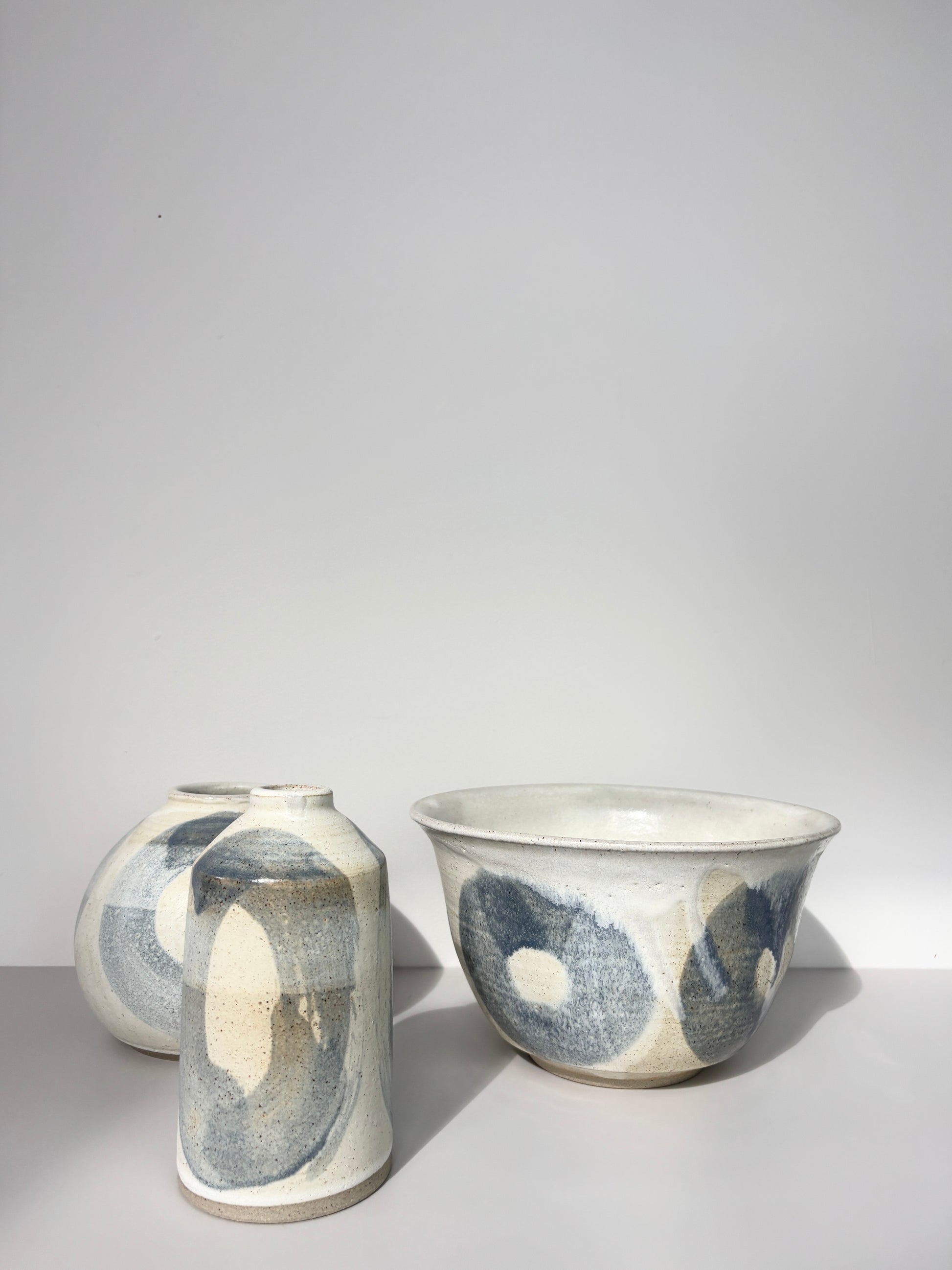 Danielle has created a collection featuring a gloss pale blue glaze layered over a matte off-white base. This work is inspired by a weekend spent in the beautiful village of Alnmouth, with its long, stretching beach that gently curves around the picturesque village. The serene coastal landscape and calming colours of Alnmouth are reflected in this collection.
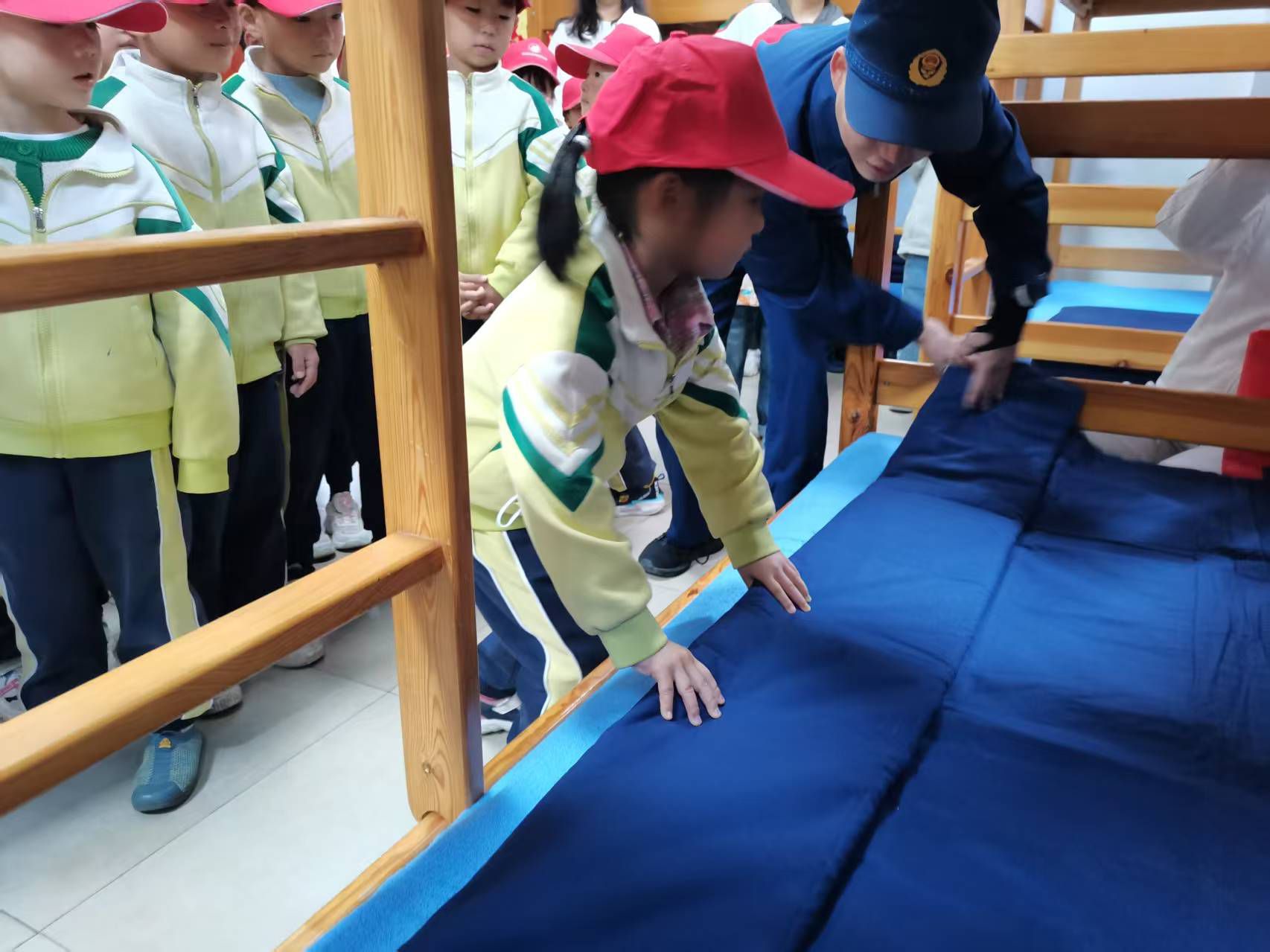 消防员现场演示叠被步骤:平铺、压实、测量折痕、精细修整,每一个动作都透着严谨与专注。孩子们迫不及待地模仿起来,虽然叠出的被子略显稚嫩,但专注的神情中满是对纪律的敬畏。
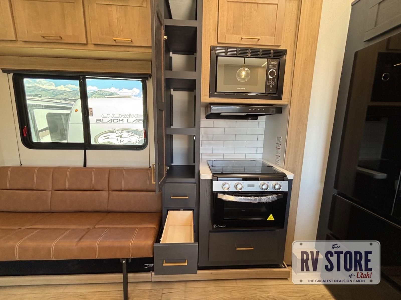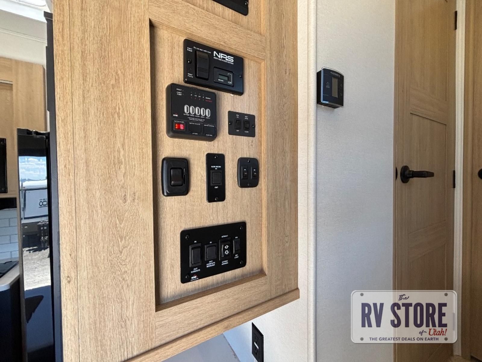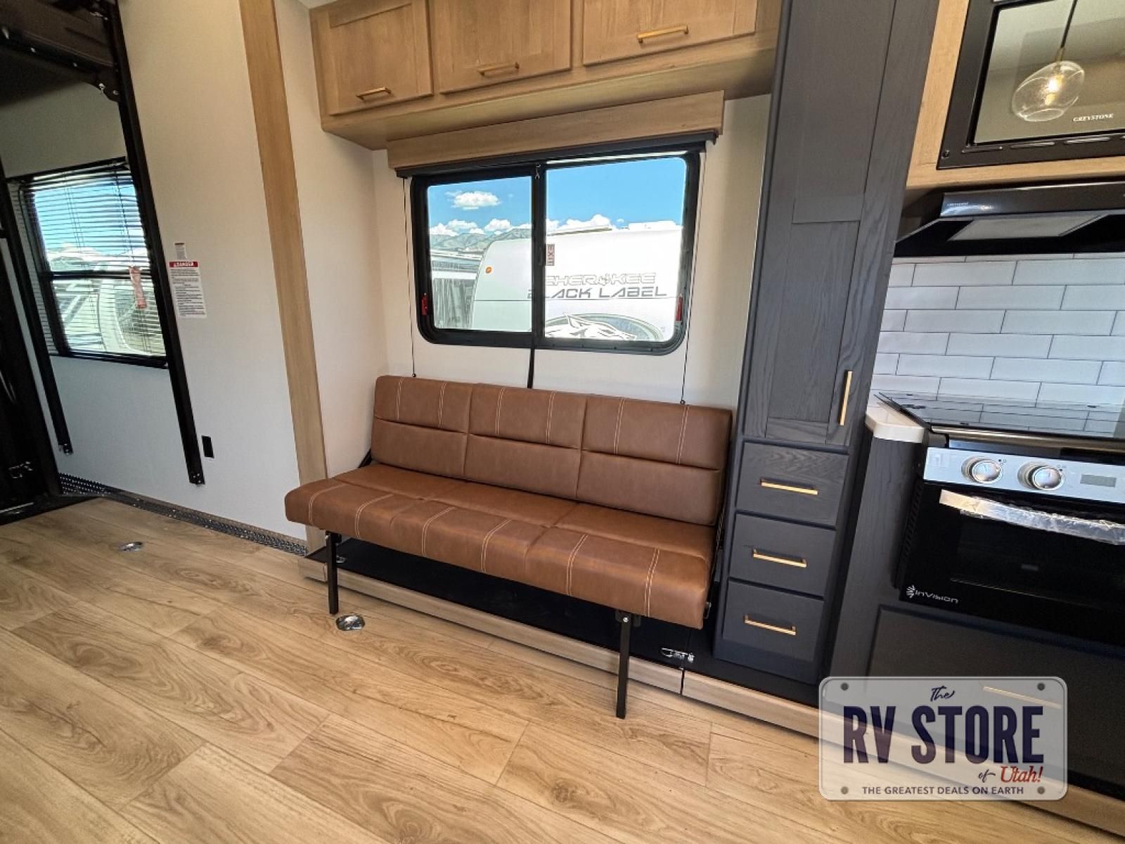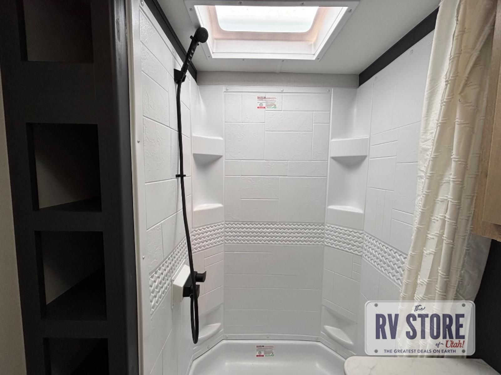 In the central living area, you’ll find theater seating, a large entertainment center, and modern finishes. The kitchen includes solid-surface countertops, a large refrigerator, three-burner cooktop, oven, microwave, and pantry — providing everything needed for meals on the road.
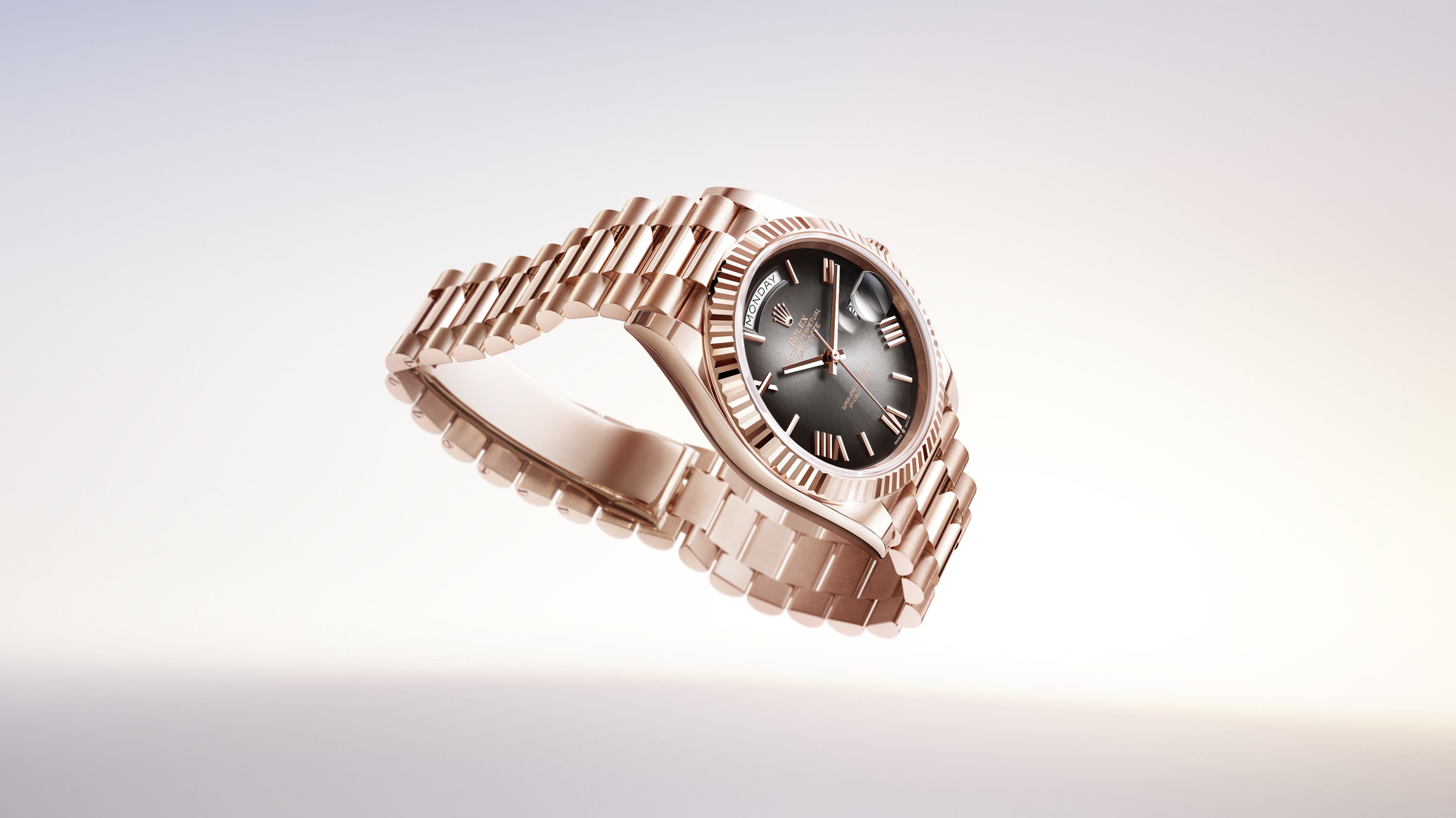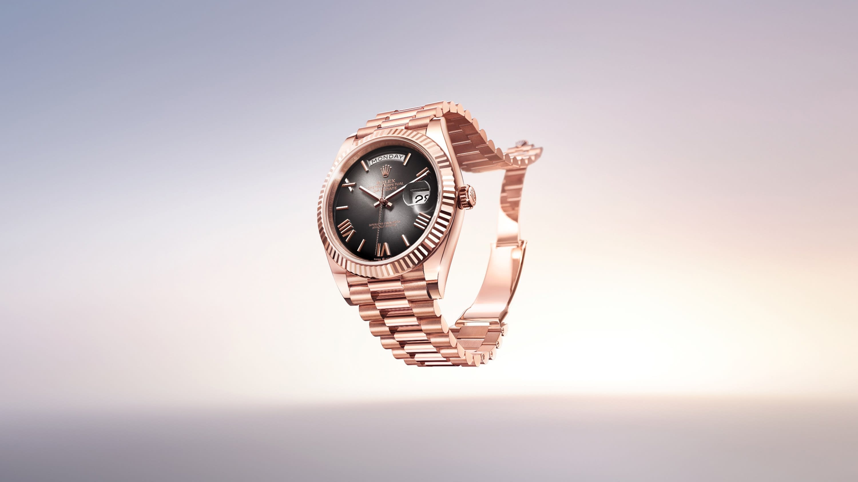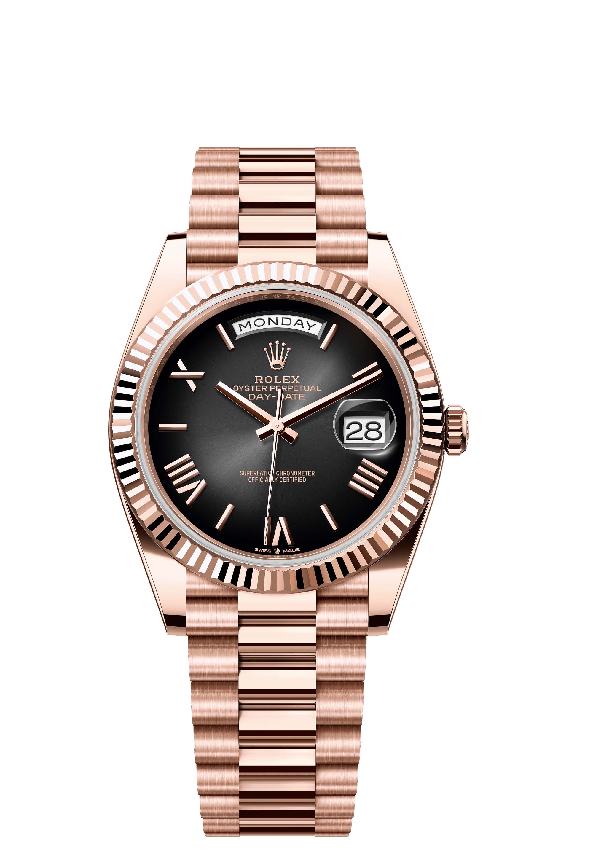 The Oyster Perpetual Day-Date 40 in 18 ct Everose gold with a slate ombré dial, fluted bezel and a President bracelet.

+--

WHAT YOU HAVE TO DO:
Transcribe all of the lines above exactly as given. The pictures stay out.

OUTPUT FOR THIS TASK:
 Danielle has created a collection featuring a gloss pale blue glaze layered over a matte off-white base. This work is inspired by a weekend spent in the beautiful village of Alnmouth, with its long, stretching beach that gently curves around the picturesque village. The serene coastal landscape and calming colours of Alnmouth are reflected in this collection.
 消防员现场演示叠被步骤:平铺、压实、测量折痕、精细修整,每一个动作都透着严谨与专注。孩子们迫不及待地模仿起来,虽然叠出的被子略显稚嫩,但专注的神情中满是对纪律的敬畏。
 In the central living area, you’ll find theater seating, a large entertainment center, and modern finishes. The kitchen includes solid-surface countertops, a large refrigerator, three-burner cooktop, oven, microwave, and pantry — providing everything needed for meals on the road.
 The Oyster Perpetual Day-Date 40 in 18 ct Everose gold with a slate ombré dial, fluted bezel and a President bracelet.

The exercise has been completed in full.